# TASK DIRECTIONS
Write out, please, each line from the one containing "Милый силуэт с" to the final line of the data, both included, exactly and without pictures.

# Excerpts from a dataset
-- Opening Marker --

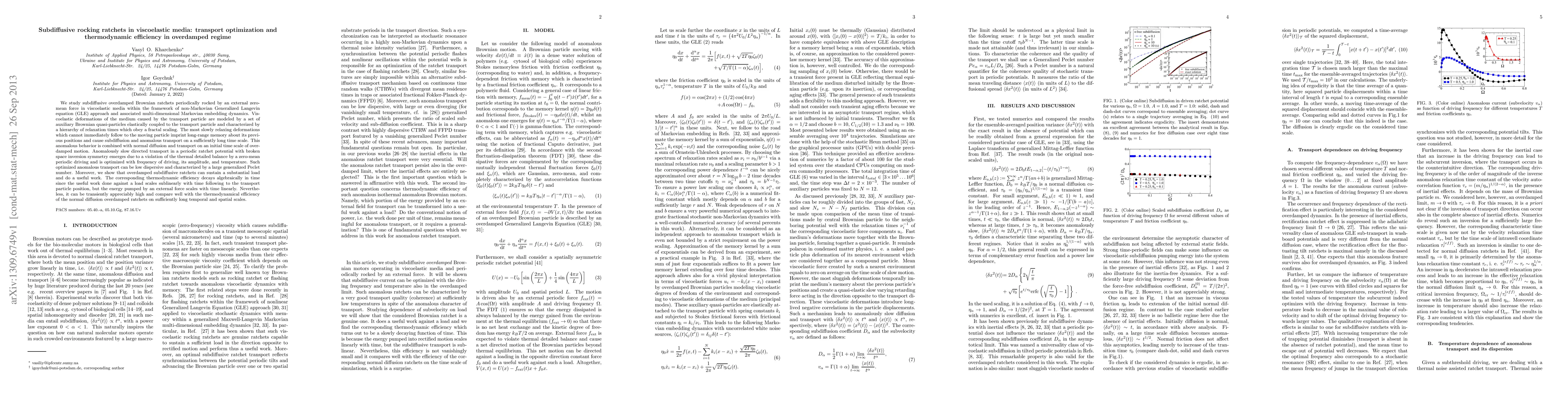 This paper investigates subdiffusive transport in viscoelastic media using a Generalized Langevin equation approach, focusing on overdamped Brownian ratchets periodically rocked by an external force. It finds that anomalous transport emerges due to memory effects from viscoelastic deformations, which can be optimized for low dispersion and high generalized Peclet number. Thermodynamic efficiency is shown to decay algebraically over time, though it can be temporarily high, comparable to normal diffusion ratchets.
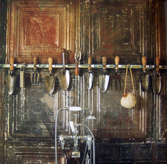 This bathroom wall made from vintage ceiling tiles holds a collection of vintage garden tools. I just love collections of things. I have a few collections and I’m always expanding the number of collections and the collections themselves. So far, of course, the hands-down winner is the poodle collection. I don’t think any of the others stands a chance against the poodles.
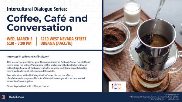 Interested in coffee and café culture? This interactive event is for you! The AACC pro-staff and intern share the unique Vietnamese coffee and explore the health benefits and cultural significance of East Asian cafe drinks, while an IE intern leads a trivia of coffee around the world. Peer educators at the McKinley Health Center discuss the effects of caffeine and compare different caffeinated beverages with recommended amounts of consumption. Dinner is provided, with coffee, of course!
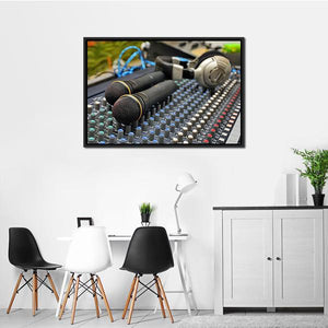 A close-up canvas print of microphones, a sound mixer, and silver headphones that conveys a technical, professional mood. The realistic, detailed image uses a black, silver, and blue palette with colorful mixer knobs, suited to a home studio, music room, or modern living space.
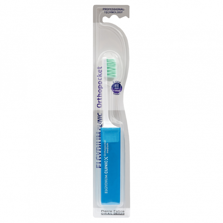 Elgydium Clinic X Escova de Dentes Orthopocket é uma escova de dentes para adultos indicada em ortodontia. Apresenta filamentos de implantação transversal em X e cabo dobrável. Graças ao seu tamanho, é ideal para transportar (férias, trabalho, ginásio).
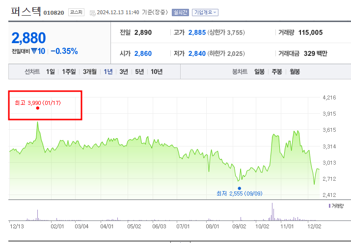 - 52주 최고가/최저가: 3,990원/2,555원
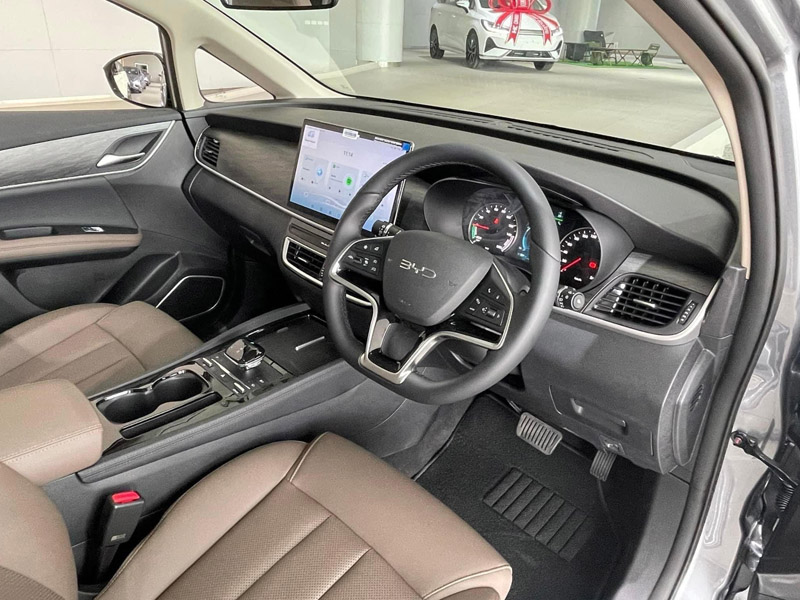 Phần đuôi xe cũng được chăm chút kỹ lưỡng, với cụm đèn hậu LED nằm ngang nối liền bởi dải chrome, tạo sự nổi bật và sang trọng. Thiết kế này không chỉ thu hút ánh nhìn mà còn khẳng định thương hiệu BYD mỗi khi xe xuất hiện trên đường.
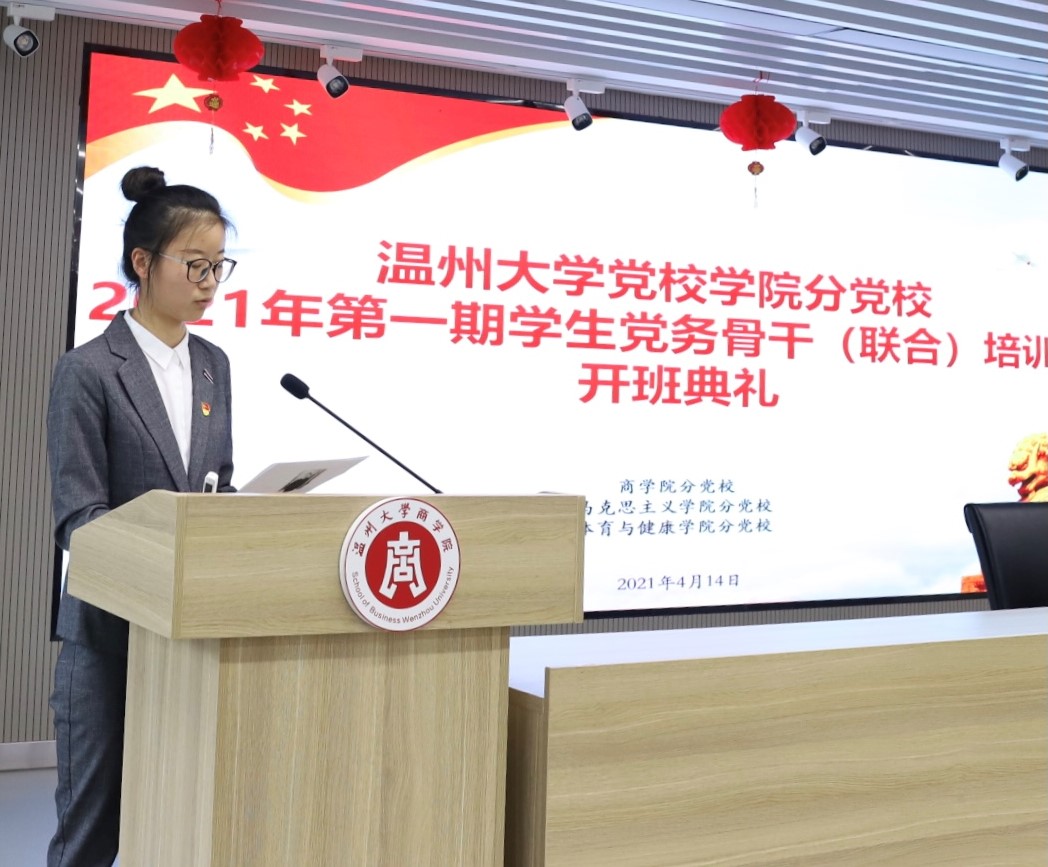 为进一步提高学生党员骨干的综合素养,增强学生党员骨干对发展党员流程的清晰认知,确保各学生党员骨干在发展党员过程中能够明确自身责任和定位,增强党组织对学生党员骨干的凝聚力,中共黑料不打烊 委员会党校学院分党校于2021年4月14日在商学院A226会议室举行了2021年第一期学生党员骨干培训班的开班典礼。出席本次开班典礼的有商学院分党校校长郑彩莲、黑料不打烊 分党校校长王柏民、体育与健康学院分党校校长应中、各学院党建负责老师以及全体74名学生党员骨干。本次典礼由商学院学生党建负责老师聂海燕老师主持。
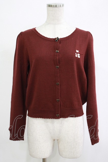 Secret Honey / クマ刺繍リボンボタンカーディガン Free ボルドー H-25-11-19-041-CA-TO-NS-ZH
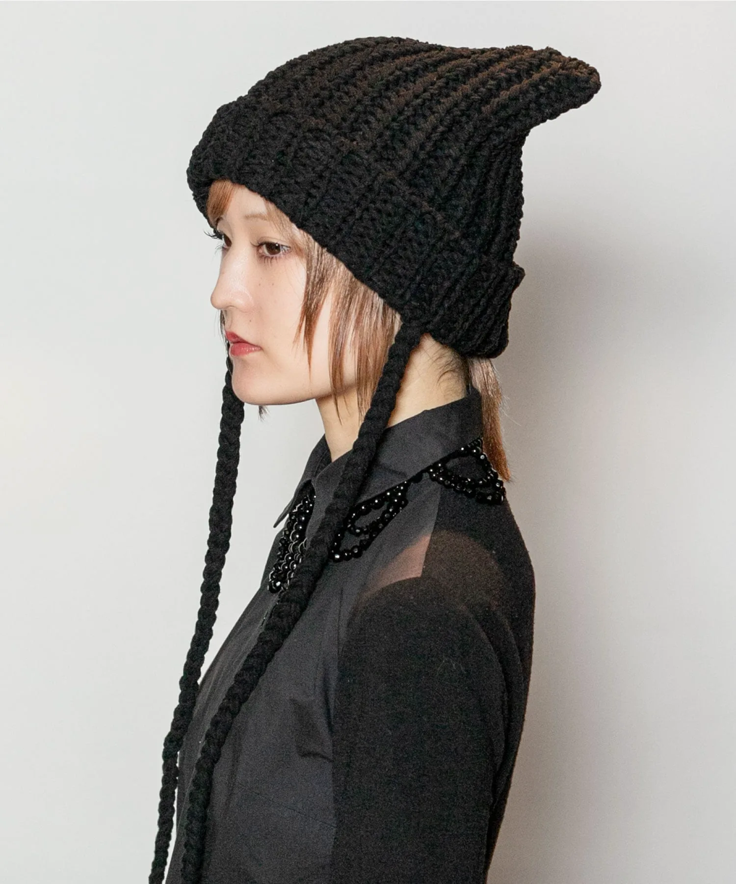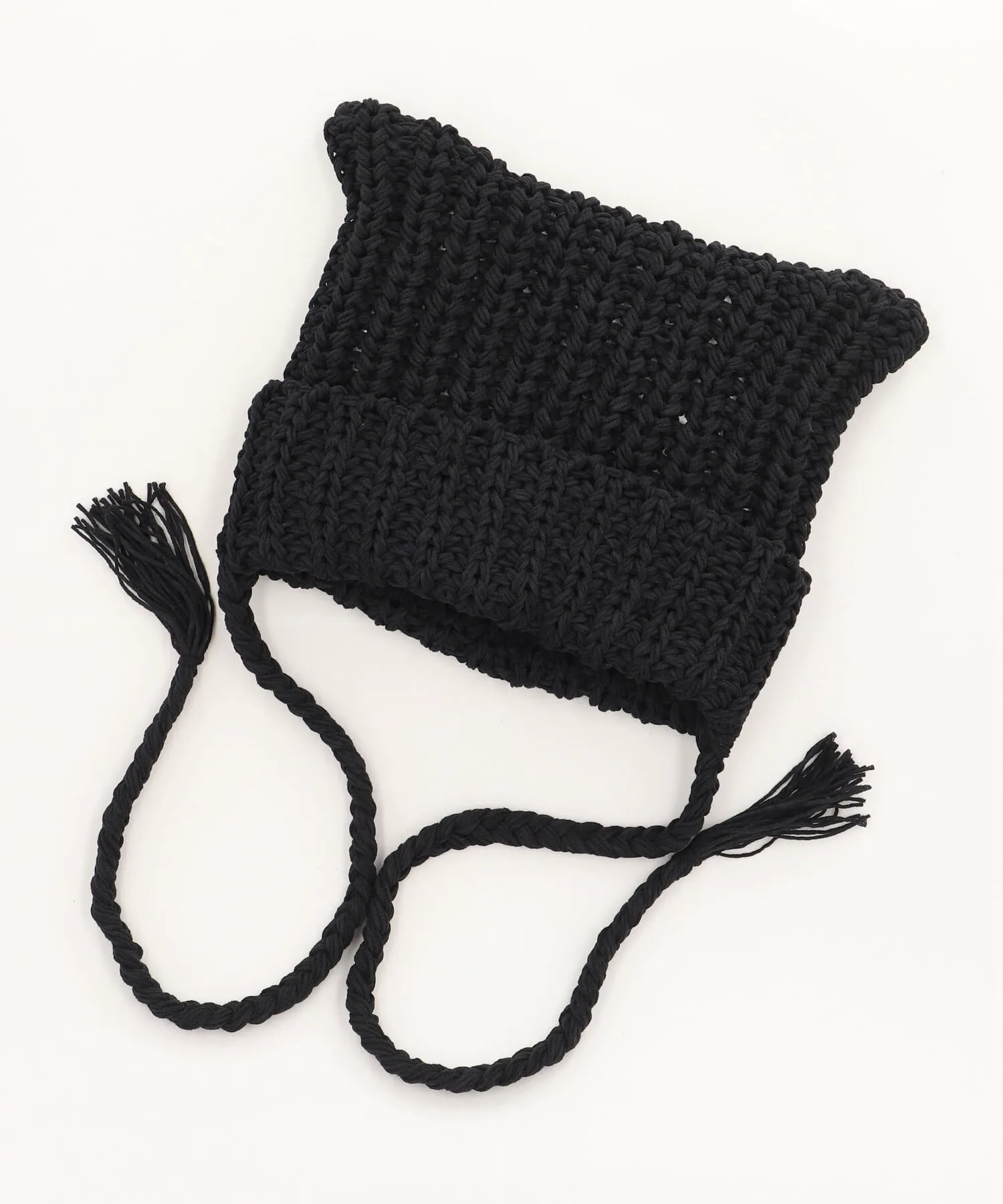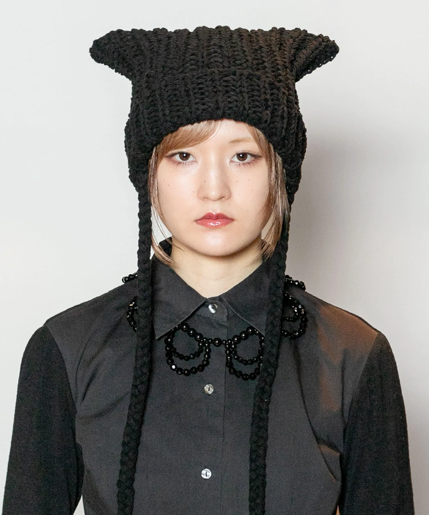 Милый силуэт с кошачьими ушками, прикрепленными к вязаному полотну. Свисающие по бокам завязки также являются изюминкой.
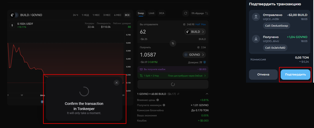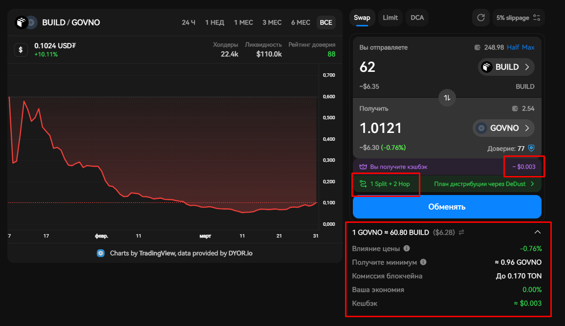 - После того как выбрали пару, вводим в разделе "Вы отправляете" количество монет какое хотим обменять и получаем следующую информацию: кэшбэк (если есть); путь обмена (для примера выбран токен Build у которого нет пары с GOVNO, поэтому сначала его конвертируют в TON в текущем примере); общую информацию (влияние цены, комиссия и т.д.)
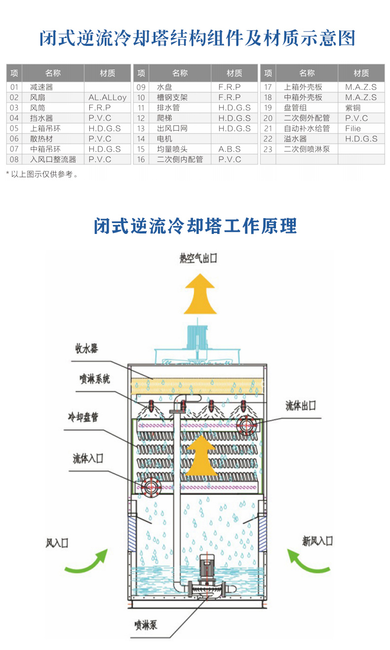 热水和空气流动方向 | 混流式冷却塔 | ||
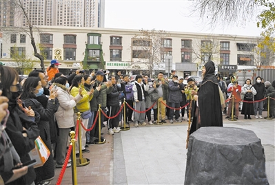 11月24日,天津人民艺术剧院经典话剧《钗头凤》片段在剧院门口的街角上演,让市民游客感受天津城市文化魅力。据了解,话剧《钗头凤》讲述了诗人陆游的一段人生经历。图为当日,演员王继世在表演经典话剧《钗头凤》片段。 据新华社
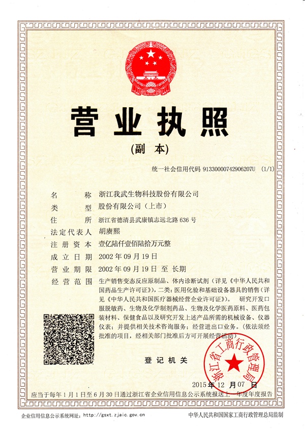 浙江我武生物科技股份有限公司是一家高科技生物制药企业,2014年1月于深交所上市,证券代码300357。公司专业从事过敏性疾病诊断及治疗产品的研发、生产和销售,是目前国内唯一能够提供舌下含服脱敏药物的企业和亚洲最大的脱敏药物及过敏原检测试剂生产商!
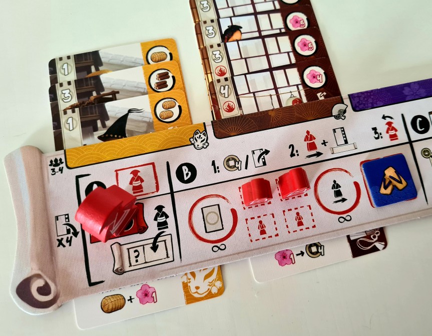 Ces ingrédients font d’Iki un très bon jeu mais je dois dire que j’ai été encore plus séduite par l’interaction pensée par Koota Yamada, qui m’a rappelé l’un de mes jeux préférés, à savoir Brass, pour son côté « coopétitif ». En effet, dans Iki, les autres joueurs sont vos concurrents commerciaux mais aussi vos clients. Vous avez besoin d’eux pour faire progresser vos personnages car ils ne gagneront d’expérience que si un de vos rivaux les active. Lorsque vous recruterez un travailleur, vous chercherez donc celui qui attirera le plus les autres en fonction de la tournure de leur stratégie. Cela implique de bien observer le jeu de chacun et promet de beaux moments autour de la table : « mais si, viens chez moi, ils sont bons mes sushis et t’apporteront la ressource de riz qui te manque pour finir le printemps en beauté ! ». Attention, cependant, car vos adversaires sauront parfois vous faire payer le service que vous leur rendez en faisant partir l’un de vos personnages à la retraite au plus mauvais moment. D’autre part, comme je l’ai dit plus haut, vous aurez parfois besoin des autres pour vous protéger d’un incendie mais les plus retors feront en sorte de libérer la place au dernier moment pour vous exposer directement à la fournaise.

-- Closing Marker --

# RESPONSE AREA
 Милый силуэт с кошачьими ушками, прикрепленными к вязаному полотну. Свисающие по бокам завязки также являются изюминкой.
 - После того как выбрали пару, вводим в разделе "Вы отправляете" количество монет какое хотим обменять и получаем следующую информацию: кэшбэк (если есть); путь обмена (для примера выбран токен Build у которого нет пары с GOVNO, поэтому сначала его конвертируют в TON в текущем примере); общую информацию (влияние цены, комиссия и т.д.)
 热水和空气流动方向 | 混流式冷却塔 | ||
 11月24日,天津人民艺术剧院经典话剧《钗头凤》片段在剧院门口的街角上演,让市民游客感受天津城市文化魅力。据了解,话剧《钗头凤》讲述了诗人陆游的一段人生经历。图为当日,演员王继世在表演经典话剧《钗头凤》片段。 据新华社
 浙江我武生物科技股份有限公司是一家高科技生物制药企业,2014年1月于深交所上市,证券代码300357。公司专业从事过敏性疾病诊断及治疗产品的研发、生产和销售,是目前国内唯一能够提供舌下含服脱敏药物的企业和亚洲最大的脱敏药物及过敏原检测试剂生产商!
 Ces ingrédients font d’Iki un très bon jeu mais je dois dire que j’ai été encore plus séduite par l’interaction pensée par Koota Yamada, qui m’a rappelé l’un de mes jeux préférés, à savoir Brass, pour son côté « coopétitif ». En effet, dans Iki, les autres joueurs sont vos concurrents commerciaux mais aussi vos clients. Vous avez besoin d’eux pour faire progresser vos personnages car ils ne gagneront d’expérience que si un de vos rivaux les active. Lorsque vous recruterez un travailleur, vous chercherez donc celui qui attirera le plus les autres en fonction de la tournure de leur stratégie. Cela implique de bien observer le jeu de chacun et promet de beaux moments autour de la table : « mais si, viens chez moi, ils sont bons mes sushis et t’apporteront la ressource de riz qui te manque pour finir le printemps en beauté ! ». Attention, cependant, car vos adversaires sauront parfois vous faire payer le service que vous leur rendez en faisant partir l’un de vos personnages à la retraite au plus mauvais moment. D’autre part, comme je l’ai dit plus haut, vous aurez parfois besoin des autres pour vous protéger d’un incendie mais les plus retors feront en sorte de libérer la place au dernier moment pour vous exposer directement à la fournaise.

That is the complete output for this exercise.